Conceptual Physics can be Phun

cut from next years curriculum

Photo courtesy of West Linn High School

Photo courtesy of West Linn High School

When conceptual physics is cut, a decision has to be made about where the students who already forecasted for conceptual physics will go. Not having much time for preparation, students who forecast for conceptual physics now will be put in physics, and then later chemistry.  

“Science is not a very strong suit for me,” Megan Stewart, junior said. “So I was like, ‘I’m not ready to go into physics.’”

Conceptual physics is designed to be approachable from a basic algebraic level. The A and B separation is meant to fit the conceptual physics curriculum. Not only does this affect students, but teachers as well who have been teaching conceptual physics for years.

“Science teachers work hard to develop a strong science program, and to have a class vaporize out of nowhere–what kind of message does that send?” Anonymous teacher said.

One popular theory, the VARK model, identifies four primary types of learners: visual, auditory, reading and writing and kinesthetic. Each learning type responds best to different methods of teaching.

Visual learners prefer to see info, to visualize the relationships between ideas. Auditory learners prefer to hear information, rather than reading it or seeing it displayed visually. The reading and writing learners like to interact with text. While kinesthetic learners are best categorized by experimenting, they learn the best by doing.  

“I’m a visual learner,” Maddy Tabor, sophomore, said. “I find it easier for myself if things are taught physically so I can see it.” 65% of people are visual learners, according to the Social Science Research Network.

“There’s definitely that divide between visual and physical learners,” Mason Price, sophomore, said. “And I think it’s important to keep [conceptual physics] for those hands on learners.”

The labs in the curriculum are designed to be hands on. At times you even get to go outside for labs so you can visually see the concept.
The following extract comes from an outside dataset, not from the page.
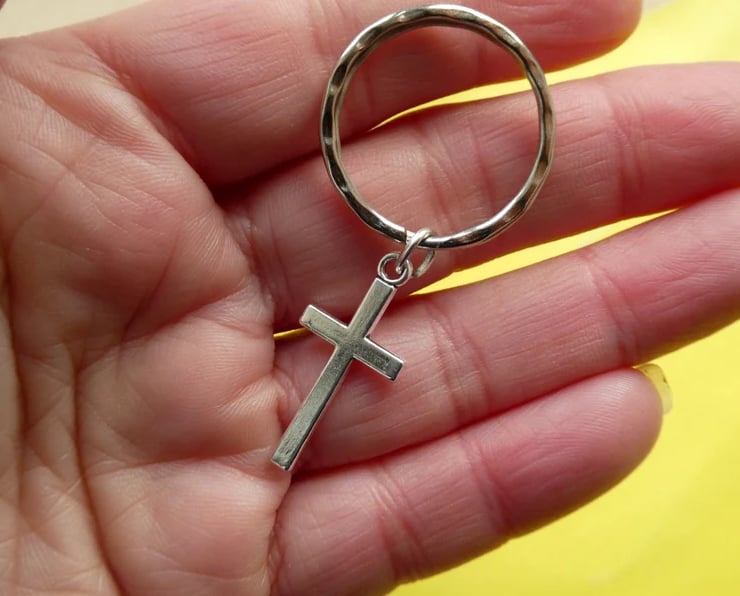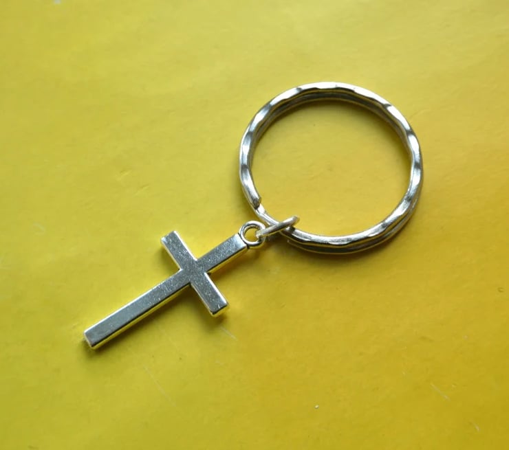 This listing is for a medium silver tone cross charm keyring with or without initial. Please select initial from the drop down menu if required.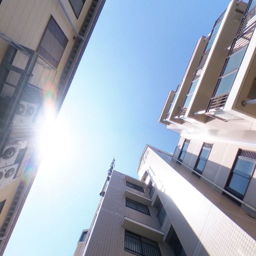 • 日当たり(確度74%):建物間の距離は近いが、上方向は抜けており直射日光が差し込んでいる。時間帯によっては日陰もできやすい。

“When it comes to learning things, I’m a lot better in the hands on field,” Stewart said. “Where we’re going out and applying what we learn to something that matters in the real world.”

Some students like Price think it’s a good class to have, he believes the choice should be available if students want to take it.

“There is so much to learn in conceptual physics classes,” Tabor said. “Getting rid of them would be sad.”